(Collected data entries)
*** Begin section ***
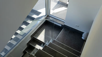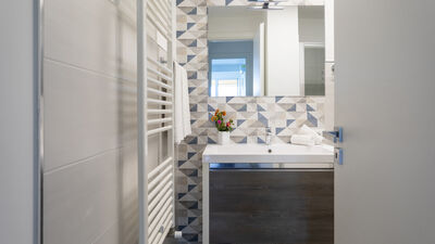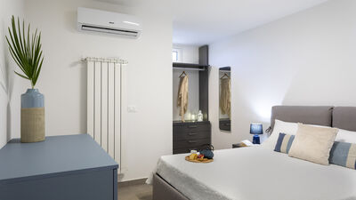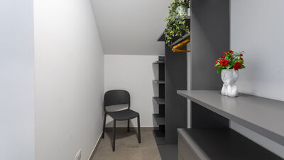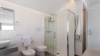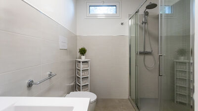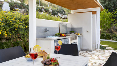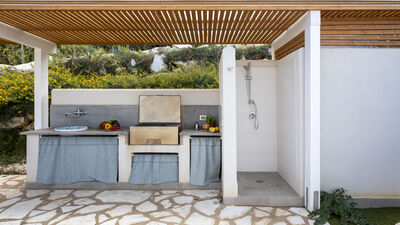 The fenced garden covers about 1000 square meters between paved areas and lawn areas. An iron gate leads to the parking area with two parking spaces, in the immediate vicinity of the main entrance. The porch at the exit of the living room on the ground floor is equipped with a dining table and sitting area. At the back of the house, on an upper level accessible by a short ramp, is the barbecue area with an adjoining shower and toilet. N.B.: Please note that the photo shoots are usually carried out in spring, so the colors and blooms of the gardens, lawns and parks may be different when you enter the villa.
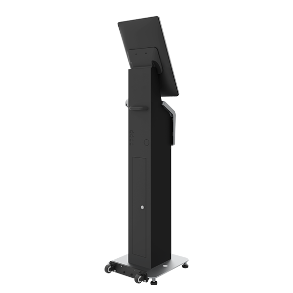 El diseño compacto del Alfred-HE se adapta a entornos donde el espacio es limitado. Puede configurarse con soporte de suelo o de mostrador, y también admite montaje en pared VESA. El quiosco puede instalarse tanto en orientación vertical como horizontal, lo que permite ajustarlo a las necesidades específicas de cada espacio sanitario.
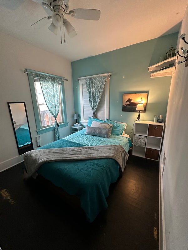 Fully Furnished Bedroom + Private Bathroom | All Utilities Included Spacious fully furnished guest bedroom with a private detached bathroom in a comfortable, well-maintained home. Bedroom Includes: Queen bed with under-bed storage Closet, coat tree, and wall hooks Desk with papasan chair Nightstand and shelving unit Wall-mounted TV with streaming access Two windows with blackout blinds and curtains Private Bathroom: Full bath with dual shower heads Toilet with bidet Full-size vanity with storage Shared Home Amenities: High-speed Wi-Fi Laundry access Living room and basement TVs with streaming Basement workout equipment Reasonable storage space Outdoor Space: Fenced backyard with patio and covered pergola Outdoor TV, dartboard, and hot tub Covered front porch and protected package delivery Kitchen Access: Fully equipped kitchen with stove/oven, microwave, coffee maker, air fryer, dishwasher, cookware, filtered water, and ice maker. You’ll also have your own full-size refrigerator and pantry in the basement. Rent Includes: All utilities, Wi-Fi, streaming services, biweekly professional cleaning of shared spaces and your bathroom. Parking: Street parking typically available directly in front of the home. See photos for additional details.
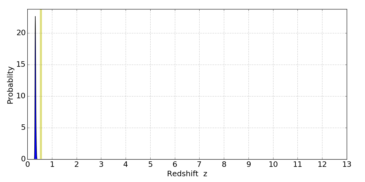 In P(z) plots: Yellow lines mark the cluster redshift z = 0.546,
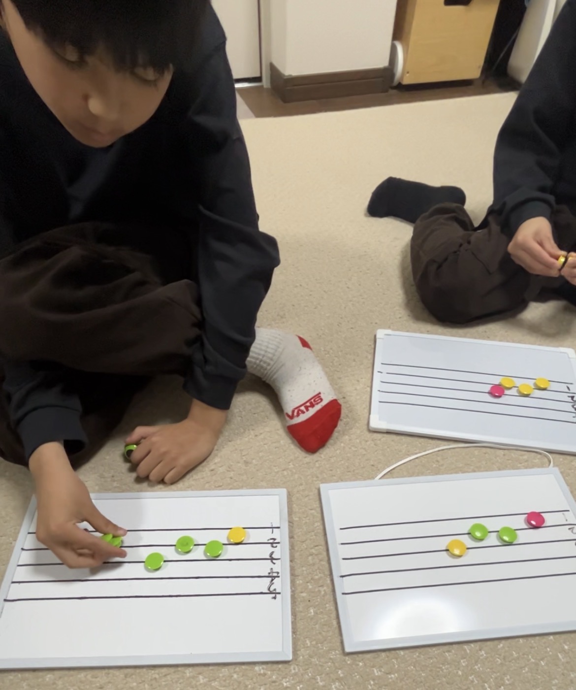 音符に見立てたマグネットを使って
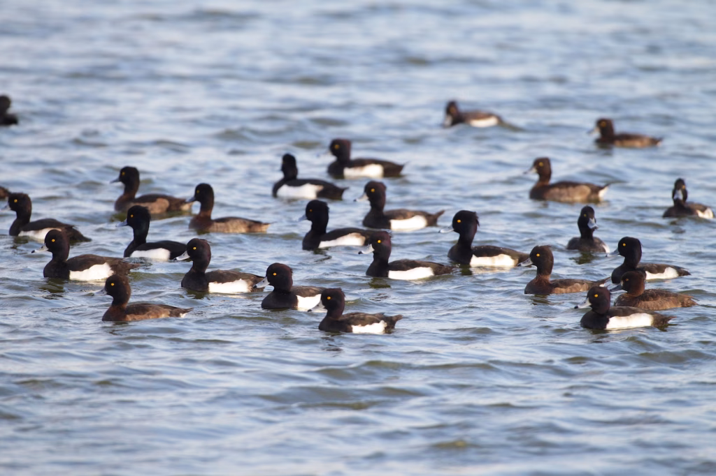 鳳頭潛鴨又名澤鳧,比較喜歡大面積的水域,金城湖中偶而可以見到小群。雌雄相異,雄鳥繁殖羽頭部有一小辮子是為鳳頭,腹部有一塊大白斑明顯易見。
*** End section ***
Without any pictures, return the entries exactly as given.

 The fenced garden covers about 1000 square meters between paved areas and lawn areas. An iron gate leads to the parking area with two parking spaces, in the immediate vicinity of the main entrance. The porch at the exit of the living room on the ground floor is equipped with a dining table and sitting area. At the back of the house, on an upper level accessible by a short ramp, is the barbecue area with an adjoining shower and toilet. N.B.: Please note that the photo shoots are usually carried out in spring, so the colors and blooms of the gardens, lawns and parks may be different when you enter the villa.
 El diseño compacto del Alfred-HE se adapta a entornos donde el espacio es limitado. Puede configurarse con soporte de suelo o de mostrador, y también admite montaje en pared VESA. El quiosco puede instalarse tanto en orientación vertical como horizontal, lo que permite ajustarlo a las necesidades específicas de cada espacio sanitario.
 Fully Furnished Bedroom + Private Bathroom | All Utilities Included Spacious fully furnished guest bedroom with a private detached bathroom in a comfortable, well-maintained home. Bedroom Includes: Queen bed with under-bed storage Closet, coat tree, and wall hooks Desk with papasan chair Nightstand and shelving unit Wall-mounted TV with streaming access Two windows with blackout blinds and curtains Private Bathroom: Full bath with dual shower heads Toilet with bidet Full-size vanity with storage Shared Home Amenities: High-speed Wi-Fi Laundry access Living room and basement TVs with streaming Basement workout equipment Reasonable storage space Outdoor Space: Fenced backyard with patio and covered pergola Outdoor TV, dartboard, and hot tub Covered front porch and protected package delivery Kitchen Access: Fully equipped kitchen with stove/oven, microwave, coffee maker, air fryer, dishwasher, cookware, filtered water, and ice maker. You’ll also have your own full-size refrigerator and pantry in the basement. Rent Includes: All utilities, Wi-Fi, streaming services, biweekly professional cleaning of shared spaces and your bathroom. Parking: Street parking typically available directly in front of the home. See photos for additional details.
 In P(z) plots: Yellow lines mark the cluster redshift z = 0.546,
 音符に見立てたマグネットを使って
 鳳頭潛鴨又名澤鳧,比較喜歡大面積的水域,金城湖中偶而可以見到小群。雌雄相異,雄鳥繁殖羽頭部有一小辮子是為鳳頭,腹部有一塊大白斑明顯易見。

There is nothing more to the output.